● Instructions for the task
Your answer should be the lines of the material that include the word "deteta".

● Data for this task
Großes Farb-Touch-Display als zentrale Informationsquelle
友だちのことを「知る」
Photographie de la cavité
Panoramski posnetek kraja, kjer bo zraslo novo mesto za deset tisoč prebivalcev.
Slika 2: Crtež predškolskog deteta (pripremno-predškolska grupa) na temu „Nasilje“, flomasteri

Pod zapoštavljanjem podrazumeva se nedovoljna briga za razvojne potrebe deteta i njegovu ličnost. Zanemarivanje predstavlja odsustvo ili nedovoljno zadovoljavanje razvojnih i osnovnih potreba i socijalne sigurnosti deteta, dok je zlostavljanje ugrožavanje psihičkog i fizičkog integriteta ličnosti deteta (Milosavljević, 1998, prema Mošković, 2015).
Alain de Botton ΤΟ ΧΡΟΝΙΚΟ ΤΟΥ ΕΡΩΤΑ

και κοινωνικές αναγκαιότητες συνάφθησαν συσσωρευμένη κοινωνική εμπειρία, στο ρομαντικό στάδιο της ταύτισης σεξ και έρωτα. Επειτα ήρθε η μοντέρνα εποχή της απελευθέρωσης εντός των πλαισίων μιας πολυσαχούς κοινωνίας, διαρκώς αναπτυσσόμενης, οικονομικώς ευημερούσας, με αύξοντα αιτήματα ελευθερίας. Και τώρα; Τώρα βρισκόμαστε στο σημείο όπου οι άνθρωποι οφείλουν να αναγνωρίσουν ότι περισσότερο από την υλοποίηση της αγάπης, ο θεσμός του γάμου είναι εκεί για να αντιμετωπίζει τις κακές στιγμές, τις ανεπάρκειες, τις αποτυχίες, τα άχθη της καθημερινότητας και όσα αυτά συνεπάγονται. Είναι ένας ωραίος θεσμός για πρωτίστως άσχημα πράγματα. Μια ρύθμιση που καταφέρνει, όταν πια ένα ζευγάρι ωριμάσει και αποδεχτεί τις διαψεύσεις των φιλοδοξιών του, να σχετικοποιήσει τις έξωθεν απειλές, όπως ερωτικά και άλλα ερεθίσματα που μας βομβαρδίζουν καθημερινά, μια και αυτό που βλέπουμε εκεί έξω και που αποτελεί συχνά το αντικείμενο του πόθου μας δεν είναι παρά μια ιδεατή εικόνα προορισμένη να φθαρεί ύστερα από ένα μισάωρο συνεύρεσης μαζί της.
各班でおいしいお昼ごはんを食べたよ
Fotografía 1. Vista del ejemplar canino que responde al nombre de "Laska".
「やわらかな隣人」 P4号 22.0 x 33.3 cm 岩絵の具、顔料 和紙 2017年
--
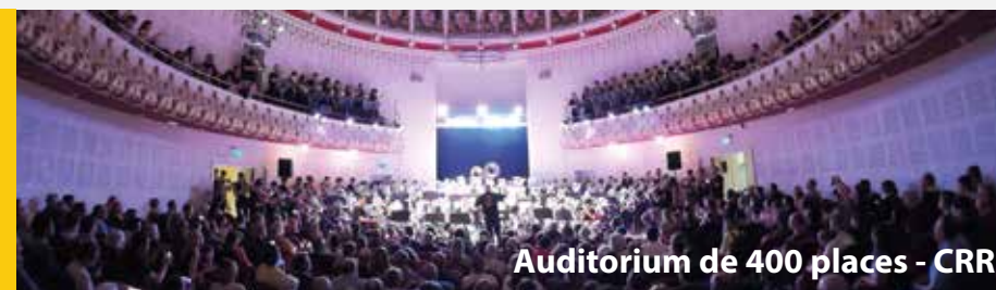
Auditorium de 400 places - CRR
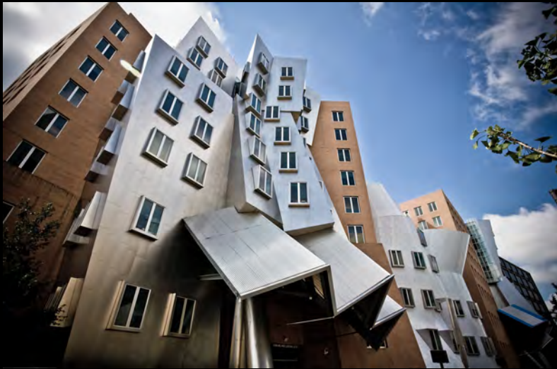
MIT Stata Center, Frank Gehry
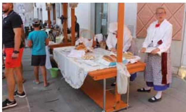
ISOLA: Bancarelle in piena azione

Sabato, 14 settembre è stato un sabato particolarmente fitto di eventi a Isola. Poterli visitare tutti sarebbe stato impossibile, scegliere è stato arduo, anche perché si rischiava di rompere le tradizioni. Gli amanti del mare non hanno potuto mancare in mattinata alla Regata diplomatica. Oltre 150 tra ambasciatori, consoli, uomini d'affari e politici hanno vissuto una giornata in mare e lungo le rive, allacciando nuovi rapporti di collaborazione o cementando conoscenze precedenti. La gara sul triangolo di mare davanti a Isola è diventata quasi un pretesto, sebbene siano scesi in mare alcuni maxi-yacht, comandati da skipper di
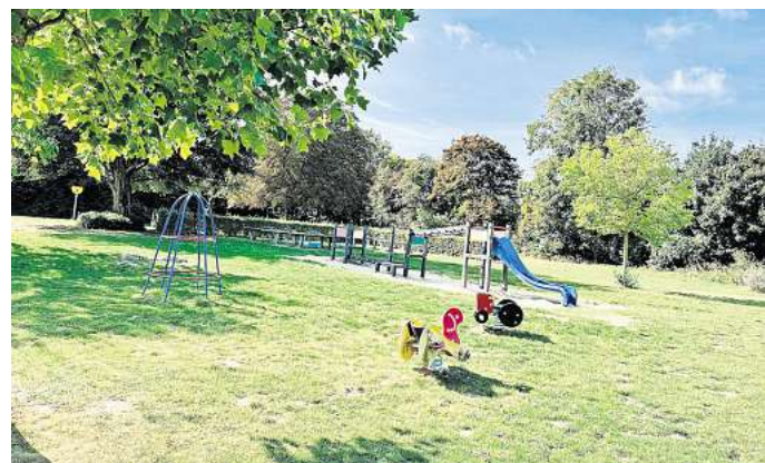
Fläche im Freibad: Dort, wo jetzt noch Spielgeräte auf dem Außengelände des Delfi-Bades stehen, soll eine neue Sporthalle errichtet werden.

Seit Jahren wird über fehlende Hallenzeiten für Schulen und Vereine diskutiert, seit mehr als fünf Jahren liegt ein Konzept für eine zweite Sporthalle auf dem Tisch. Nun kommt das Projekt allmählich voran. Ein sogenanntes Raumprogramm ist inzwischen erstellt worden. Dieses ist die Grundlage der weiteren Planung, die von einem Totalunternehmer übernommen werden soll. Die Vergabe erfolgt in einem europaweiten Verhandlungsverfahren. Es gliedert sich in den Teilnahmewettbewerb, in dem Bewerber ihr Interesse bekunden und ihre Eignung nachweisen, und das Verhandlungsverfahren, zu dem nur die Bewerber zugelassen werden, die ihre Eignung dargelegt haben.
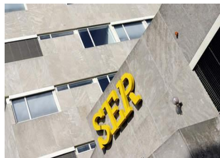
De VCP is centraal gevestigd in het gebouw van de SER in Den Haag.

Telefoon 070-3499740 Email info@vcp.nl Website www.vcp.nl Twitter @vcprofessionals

● Result of this exercise
Slika 2: Crtež predškolskog deteta (pripremno-predškolska grupa) na temu „Nasilje“, flomasteri
Pod zapoštavljanjem podrazumeva se nedovoljna briga za razvojne potrebe deteta i njegovu ličnost. Zanemarivanje predstavlja odsustvo ili nedovoljno zadovoljavanje razvojnih i osnovnih potreba i socijalne sigurnosti deteta, dok je zlostavljanje ugrožavanje psihičkog i fizičkog integriteta ličnosti deteta (Milosavljević, 1998, prema Mošković, 2015).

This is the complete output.